We dug a little deeper and have some info which may be useful in hunting down the root cause:

  • It turns out our syndics themselves had newline characters in their respective minion.pem and minion.pub files as well. Interestingly however, their syndic_master.pub files did not contain newline characters, although the creation time of syndic_master.pub and minion.pub/minion.pem was less than 30 minutes apart
  • the version of Salt installed which performed the key creations was salt-3004.2-1.el8.noarch (both syndics are CentOS Stream 8 systems). The version of OpenSSL installed at that time was openssl-1:1.1.1k-6.el8.x86_64
  • we don’t believe the issue is strictly tied to a specific OS, as we saw impacted minions running a range of OS’s, including but not limited to: RHEL7, RHEL8, CentOS Linux 7, CentOS Stream 8, and openSUSE Leap 15

Hopefully something in there is useful!

@MartinEmrich If you edit your minion.pub and minion.pem using vi -b minion.pub and then run :set noeol and then :wq and start the salt-minion service again, it will come back online until this gets fixed.

quick and dirty

minions: sudo truncate -s -1 /etc/salt/pki/minion/minion.pem && sudo truncate -s -1 /etc/salt/pki/minion/minion.pub && sudo systemctl restart salt-minion master: sudo salt-key -A --include-denied

if minion fails check pem pub for missing “-” end of last line

In case the code is not shutdown i’ll credit you where it is appropriate (I’ll have to find out).

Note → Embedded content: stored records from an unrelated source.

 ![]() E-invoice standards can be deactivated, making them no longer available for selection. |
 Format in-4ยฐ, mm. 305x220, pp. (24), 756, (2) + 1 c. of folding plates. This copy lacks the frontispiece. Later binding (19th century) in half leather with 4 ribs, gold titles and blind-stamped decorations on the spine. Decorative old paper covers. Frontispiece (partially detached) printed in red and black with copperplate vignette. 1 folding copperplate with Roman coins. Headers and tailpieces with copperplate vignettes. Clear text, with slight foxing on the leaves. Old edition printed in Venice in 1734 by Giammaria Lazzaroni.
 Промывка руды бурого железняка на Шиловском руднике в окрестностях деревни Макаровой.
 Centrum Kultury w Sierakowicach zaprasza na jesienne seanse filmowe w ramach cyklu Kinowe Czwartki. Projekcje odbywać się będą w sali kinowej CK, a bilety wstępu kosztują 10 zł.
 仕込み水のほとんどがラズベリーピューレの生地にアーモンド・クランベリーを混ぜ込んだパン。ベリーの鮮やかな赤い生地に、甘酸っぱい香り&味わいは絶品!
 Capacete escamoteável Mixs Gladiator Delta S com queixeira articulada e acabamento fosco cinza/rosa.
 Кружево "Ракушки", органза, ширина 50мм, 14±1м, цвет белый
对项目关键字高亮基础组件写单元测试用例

Don’t worry about this too much, I’m not that really attached to the solution 😉

Also, please let me know if I’m breaking convention by using your solution in my PR.

I don’t think you’ll break any conventions since the clean_key was already done on incoming minion’s key before (you can walk through commits history to see that).

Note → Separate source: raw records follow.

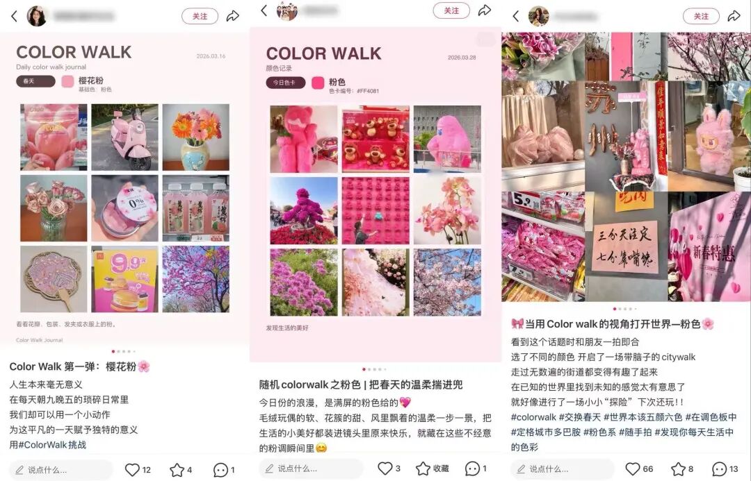 打开小红书,“ColorWalk”笔记铺天盖地,从城市街拍到乡间小路,从独自漫步到闺蜜同行,内容多种多样。
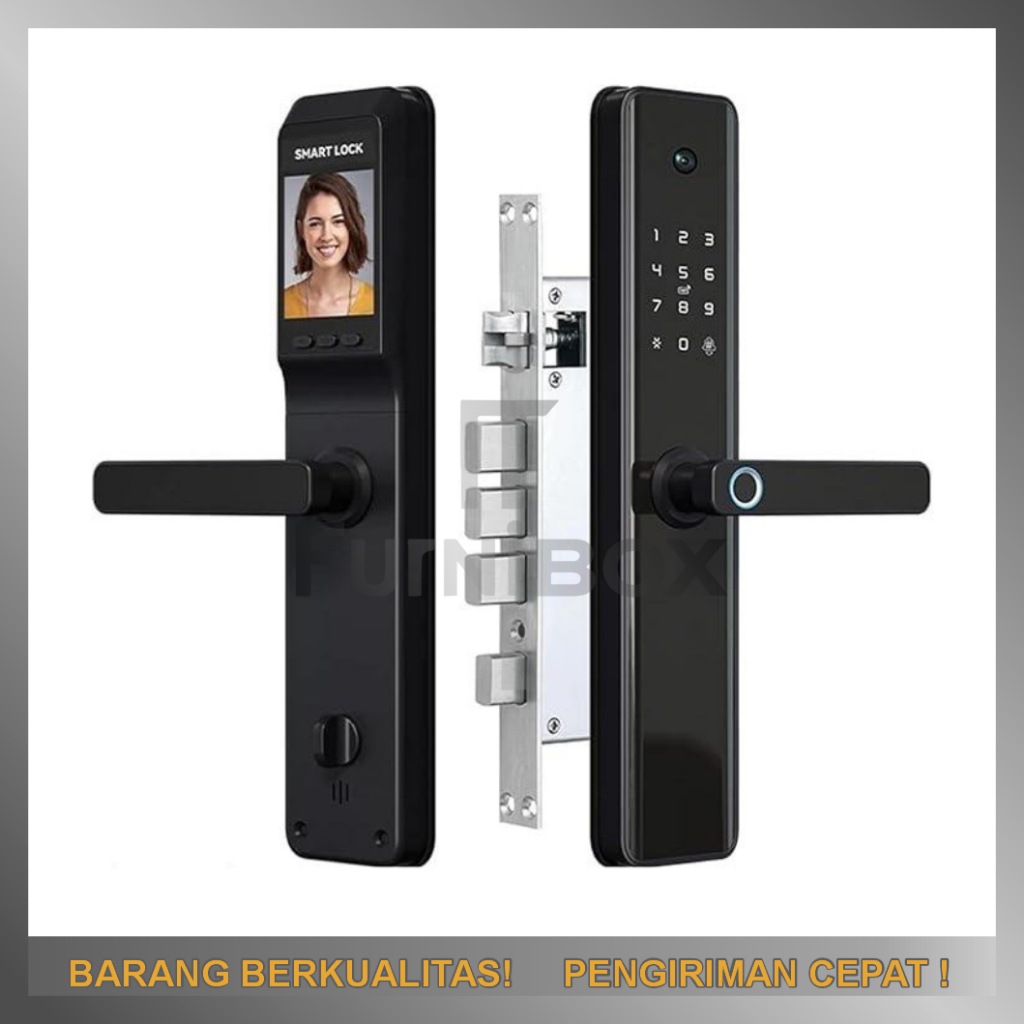 Smart Door Lock Gagang Layar Kunci Pintu Rumah Fingerprint Password Kartu Key Dilengkapi Kamera
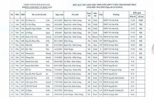 Ngày 25/12/2019, ông Huỳnh Văn Hóa – Trưởng phòng Giáo dục và Đào tạo thành phố Rạch Giá, tỉnh Kiên Giang ký và công bố kết quả thi học sinh giỏi cấp thành phố năm học 2019-2020.
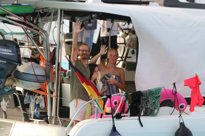 Der Tag beginnt auf der VITAMIN SEA mit einem letzten Bad. Dann geht Peter Anker-Auf und ich winke Uwe und die Kinder ab. Tschüß! War nett, Euch kennen gelernt zu haben! Bei mir kehrt dann Ruhe ein, was heißt: Büro-Arbeit. Immer noch ist die Steuererklärung nicht fertig. Zur Erheiterung gönne ich mir dann ein paar kleine seemännische Arbeiten.
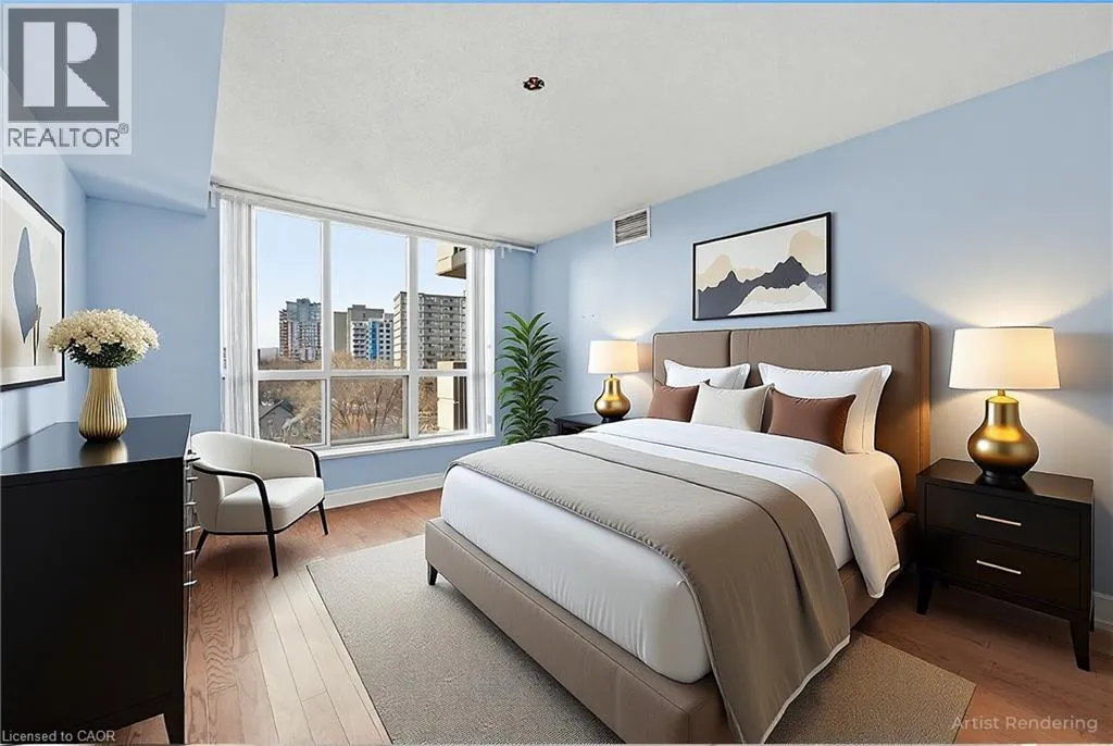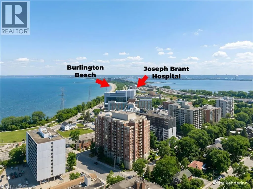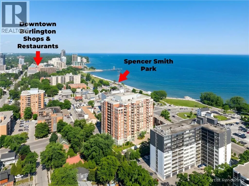 Maple Ave at Northshore Blvd Beautiful 978 square feet two bedroom, two bathroom condo in Spencers Landing. Located across from Spencer Smith Park and the Lake. The second bedroom comes equiped with a hide away Murphy Bed,hardwood floors,five appliances and easy access to the 9.9ft x11.5 balcony.The storage locker is conveniently located steps away from the underground parking space.Amazing ammenities include an indoor pool,sauna,well equiped ground level exercise room,overnight guest suite and party and games room.The front desk concierge provides access and security for the owners and their guests. Immediate possession Call for an appointment to view. (id:27476)
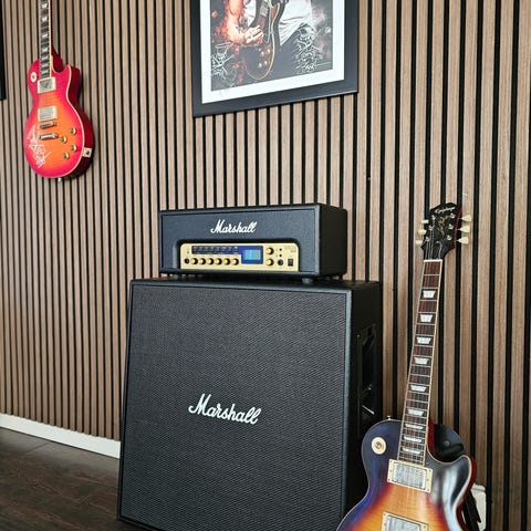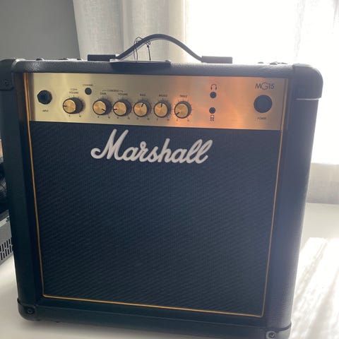 Marshall DSL20 comboförstärkare för elgitarr med flera reglage på frontpanelen. Har in- och utgångar på baksidan för högtalare och andra anslutningar.
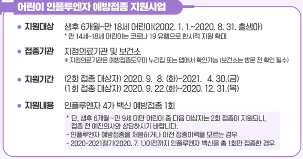 단, 생후 6개월~만 9세 미만 어린이 중 다음 대상자는 2회 접종이 지원되니, 접종 전 예진 의사와 상담하는 게 좋습니다.
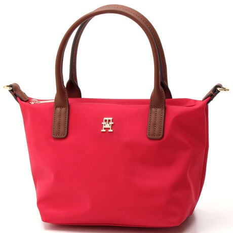 ちょっとしたお出掛けや移動の際に便利なミニトートバッグ。マチを広めにとっているため、見た目以上に収納力があります。本体にハリのあるナイロン地、トリム部にレザーを使用しました。ショルダーストラップはお好みでつけ外し可能。前面にはアクセントとなるメタルのTHモノグラムを配しています。

Adding salt.crypt.clean_key on the right side of this condition worked for me.

if salt.crypt.clean_key(pubfn_handle.read()) != salt.crypt.clean_key(load["pub"])

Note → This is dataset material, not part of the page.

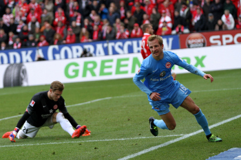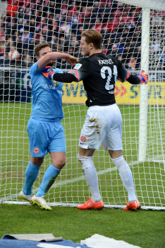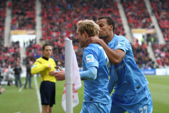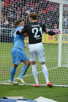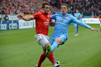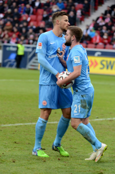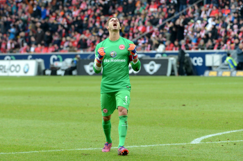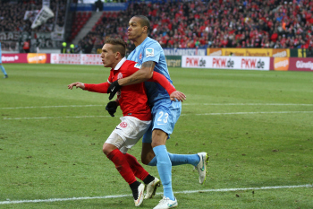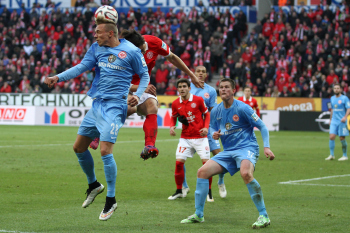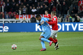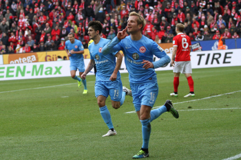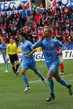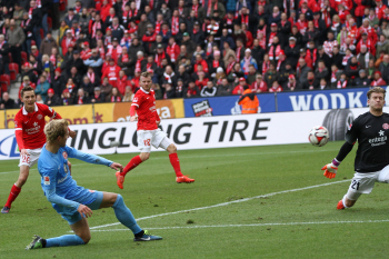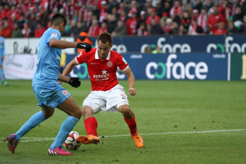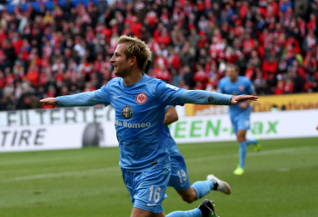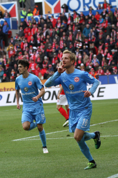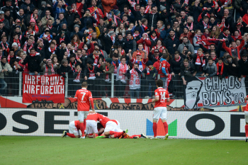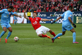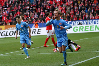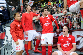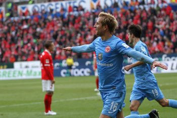 Schlussjubel bei Shinji Okazaki, Stefan Bell, Jairo Samperio und Julian Baumgartlinger (Mainz)
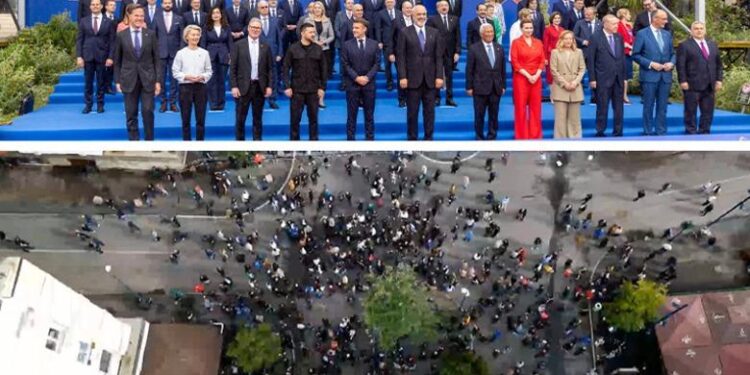 Fotoja e grupit në këtë samit politikisht të paharrueshëm për Shqipërinë e vogël do të hyjë në histori. Ndërsa imazhi i Berishës me megafonin do të harrohet shpejt. Bashke me shpifjet e tij, ato të përsëritura edhe sot, kur, pa qenë as në listën e folësve zyrtarë, foli vetëm në një nga sesionet e mbyllura, të një forumi të së djathtës botërore të mbledhur në Bruksel. Në fund të punimeve, u votuan 5 rezoluta, por nuk pati asnjë fjali as për Shqipërinë dhe as për denoncimet e Berishës. Me një anglishte të pasigurt dhe duke lexuar me vështirësi nga një iPad, interpretoi vajtimin e tij para partive “motra”, duke iu lutur për mbështetje për të “zbuluar masakrën zgjedhore” të kryer nga Edi Rama. Një masakër, sipas tij, e realizuar nga një Shqipëri që Rama e ka kthyer në një “narkoshtet”. Një narkoshtet në të cilin, ndërkohë, kishin mbërritur të gjithë liderët e Europës, të gjithë gjoja bashkëpunëtorë të narkomafies, përfshirë kancelarin gjerman Friedrich Merz, kryeministren italiane Giorgia Meloni, dhe Presidenten e Komisionit europian, Ursula Von der Leyen, të tre, ndër përfaqësuesit më të rëndësishëm të së djathtës europiane. Të gjithë ishin sot në Tiranë me Edi Ramën, ndërsa Sali Berisha ishte vetëm në Bruksel.

Adding salt.crypt.clean_key on the right side of this condition worked for me.

if salt.crypt.clean_key(pubfn_handle.read()) != salt.crypt.clean_key(load["pub"])

Thank you for your feedback @kiniou i’ve created a draft PR on your solution. In case the code is not shutdown i’ll credit you where it is appropriate (I’ll have to find out). Also, please let me know if I’m breaking convention by using your solution in my PR. I’ll retract it if that is the case.

Adding salt.crypt.clean_key on the right side of this condition worked for me.

if salt.crypt.clean_key(pubfn_handle.read()) != salt.crypt.clean_key(load["pub"])

This is likely the bast path forward for anyone looking for a quick fix that doesn’t require changes to minions.

@darkpixel thanks for the hint, but as I have to SSH into every host now anyways, I will just upgrade the minions to 3006.7. For the few I tried so far, that fixed it.

It’s definitely the line at the end of the file. service salt-minion stop vi -b /etc/salt/pki/minion/* :set noeol :wn until it complains you’ve reached the last file. :wq salt-call test.ping If it’s accepted, great. If not, go to the master and salt-key -d name-of-minion and try salt-call test.ping again. It should work, then do service salt-minion restart

I wish that were the case across my infrastructure. I’ve gone as far as removing the keys from the Minion and Master and starting the salt-minion service again. The “new” Minion key lands in the Denied list 10 seconds after it hits the Unaccepted list, with zero interaction in those 10 seconds.

Additionally, their SHA256 fingerprints match on both systems. Minion still gets auto-rejected unless it’s running 3006.7 like the Master.

Even more odd, I’ve got a couple of 3005 clients that are still connected. All my 3006 clients and 3004 clients failed immediately. My 3006 clients were upgraded to 3006.7, keys replaced, and they’re working now. My 3004 clients cannot be upgraded for the next four months. I’ve been working on them all day with no luck. Removing the key (Which was not preseeded and these are not Windows or Mac machines) does not help. I have verified sha256 fingerprints (In binary and non-binary modes) on both Minion and Master, they’re identical.

@darkpixel @twangboy is a away for a few days. I will take a look at this soon.